▶ **PROBLEM TO SOLVE**: Look below for the line containing "sharp edges. |", then write out that line and every line after it to the end, exactly, minus the pictures.

↓

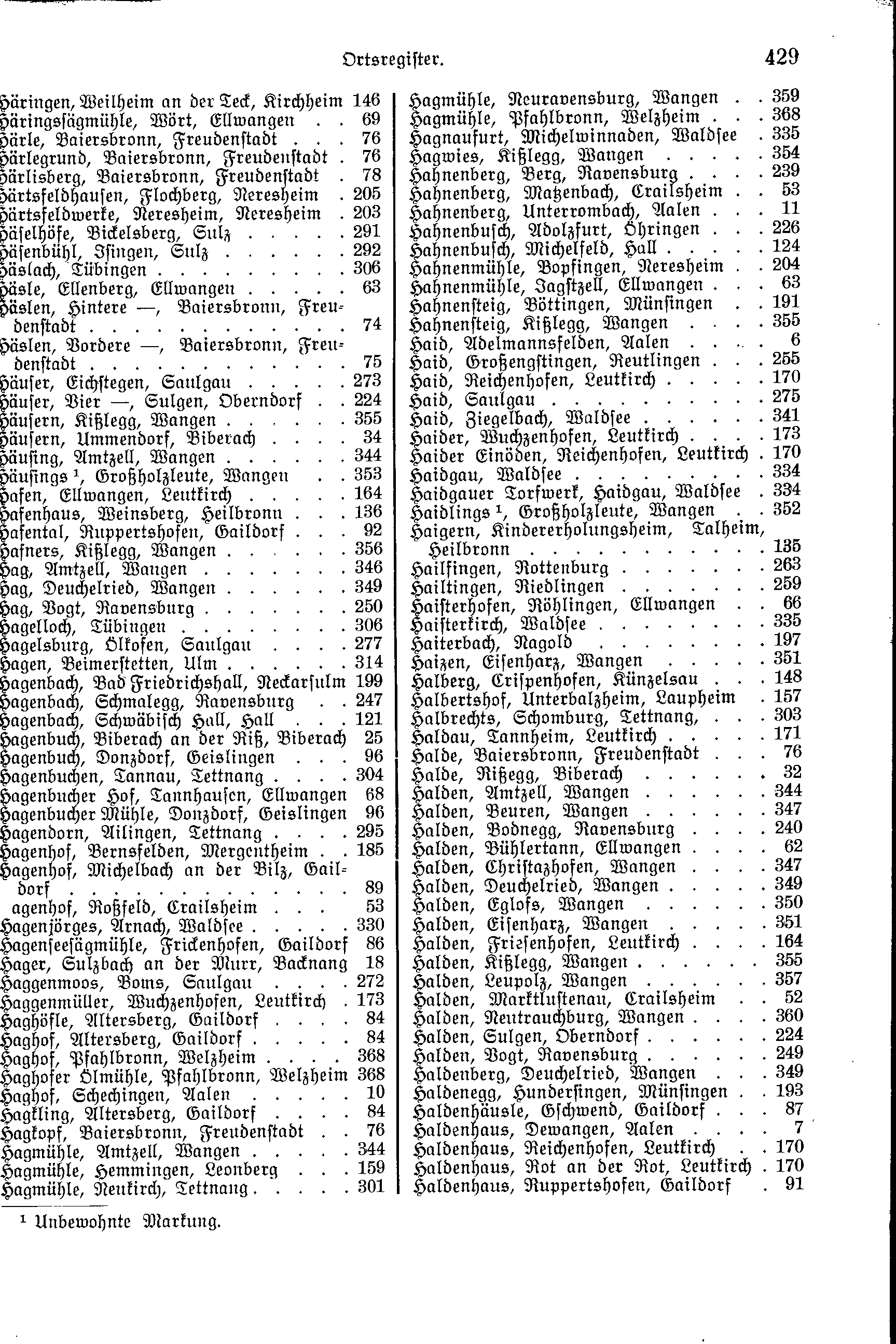 | Haghofer, Ölmühle, Pfahlbronn, Welzheim || [[../368|368]] || | | Haghofer, Ölmühle, Pfahlbronn, Welzheim || [[../368|368]] || Haldenberg, Deuchelried, Wangen || [[../349|349]] | ||
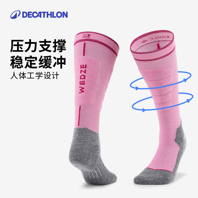 迪卡侬羊毛滑雪袜男女长筒儿童保暖加厚高筒户外专业单板袜子OVWS
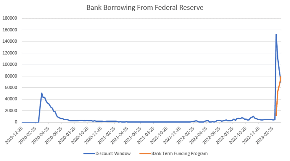 Bank borrowing from the Fed as of yesterday--through either the discount window or the Bank Term Funding Program (BTFP)--was USD149 billion, down USD4 billion from the prior Wednesday. The previous week to March 29 saw a USD11 billion decline. The discount window saw USD70 billion in usage, down from USD88 last week, while the Bank Term Funding Program saw USD80 billion, up from USD64 billion last week. Analysts have expected discount window borrowing to shift into the more favorable terms of the BTFP.
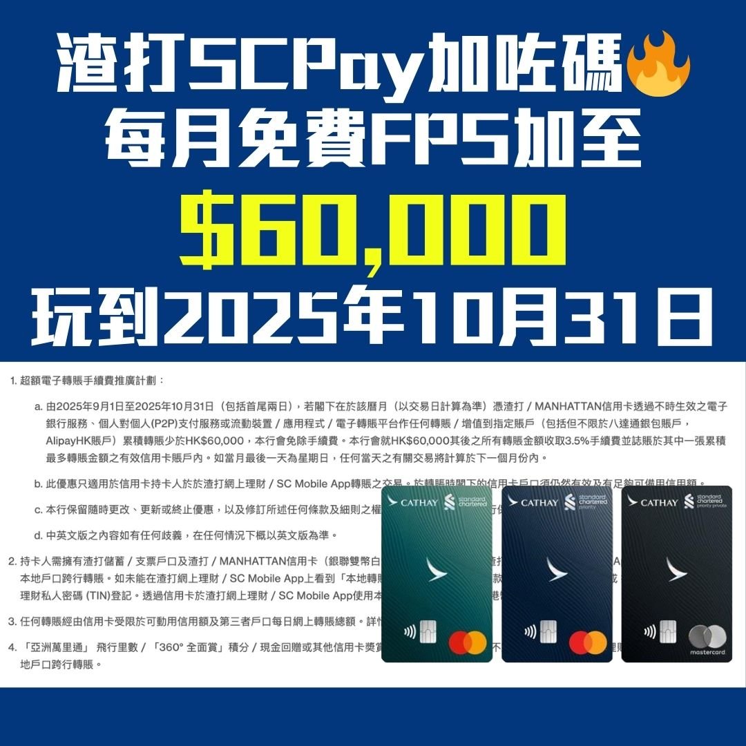 渣打戶口SC Pay 2025|渣打信用卡FPS轉數快免手續費賺Free Cash Flow,變相免息現金套現!每月HK$6萬loop loop loop,呢加美元定期息高用嚟賺息差啱晒!渣打FPS射錢2025年9月起免費上限由每月HK$40,000改為每月HK$60,000。你有渣打戶口(包括渣打easy/premium戶口及渣打優先理財戶口)的話登記完Standard Chartered FPS可以直接選用渣打信用卡轉數快嚟轉錢走(俗稱射錢),包括你應該已有嘅渣打國泰信用卡, 渣打Smart卡同Simply Cash信用卡 (但渣打銀聯信用卡不適用)。每曆月首HK$60,000 (優惠期至2025年10月31日!)可以免3.5%的手續費。再盡啲想延得長啲可以用埋渣打月結單分期,息唔算貴但可以分期返FPS個金額。想用渣打SC PAY賺Cash flow第一步就要有個渣打戶口。
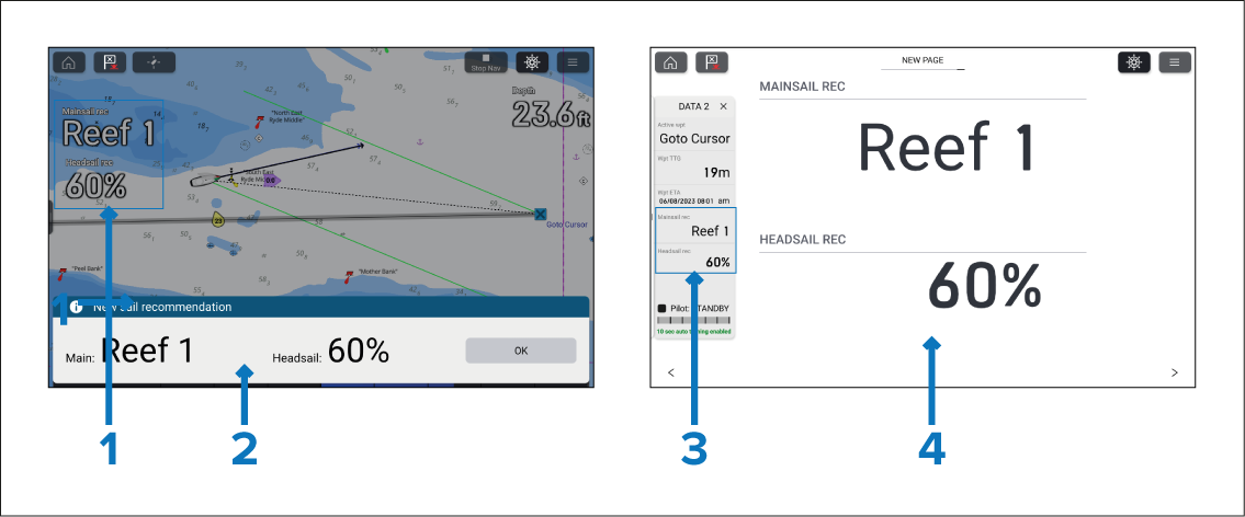 Sail recommendation — dual data item (only available in the Dashboard app).
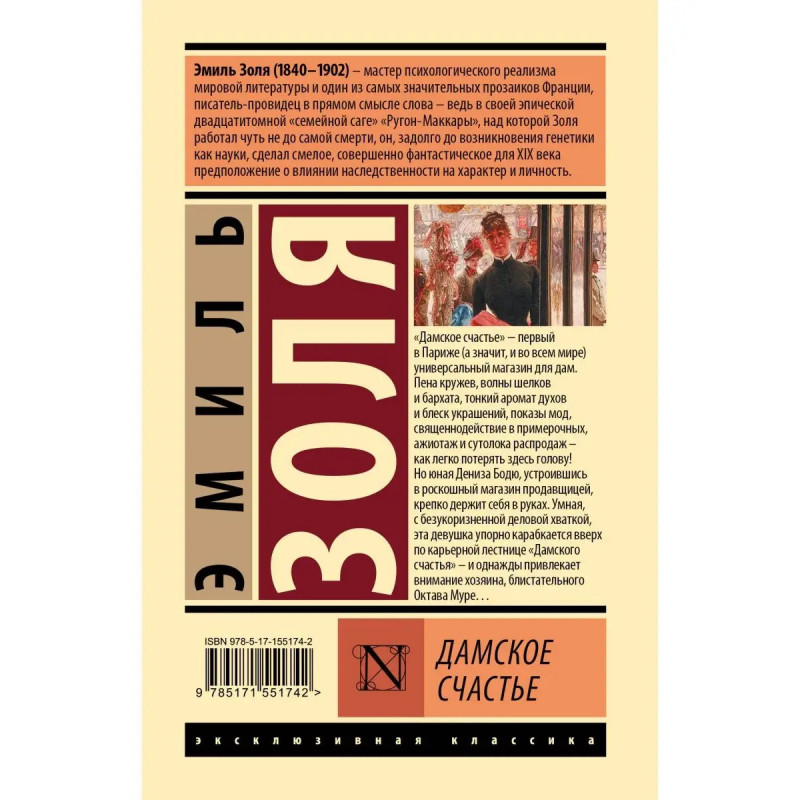 "Дамское счастье" первый в Париже (а значит, и во всем мире) универсальный магазин для дам. Пена кружев, волны шелков и бархата, тонкий аромат духов и блеск украшений, показы мод, священнодействие в примерочных, ажиотаж и сутолока распродаж, как легко потерять здесь голову! Но юная Дениза Бодю, устроившись в роскошный магазин продавщицей, крепко держит себя в руках. Умная, с безукоризненной деловой хваткой, эта девушка упорно карабкается вверх по карьерной лестнице "Дамского счастья", и однажды привлекает внимание хозяина, блистательного Октава Муре
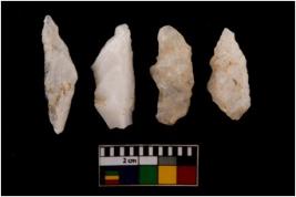 | Description / विवरण | There are n 4 flake cores. All of them are fully fluted flake cores without any trace of crested ridge flakes. Some are tapering at one end and some have sharp edges. |
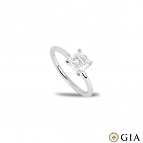 A timeless 18k white gold diamond engagement ring. The six prong solitaire is set with a round brilliant cut diamond weighing 1.34ct, I colour and VS1 clarity. The 2.2mm knife edge ring has a gross weight of 3.27 grams and is currently a size M½ but can be adjusted for the perfect fit.

↑

▶ **RESULT OF THIS TASK**:
 | Description / विवरण | There are n 4 flake cores. All of them are fully fluted flake cores without any trace of crested ridge flakes. Some are tapering at one end and some have sharp edges. |
 A timeless 18k white gold diamond engagement ring. The six prong solitaire is set with a round brilliant cut diamond weighing 1.34ct, I colour and VS1 clarity. The 2.2mm knife edge ring has a gross weight of 3.27 grams and is currently a size M½ but can be adjusted for the perfect fit.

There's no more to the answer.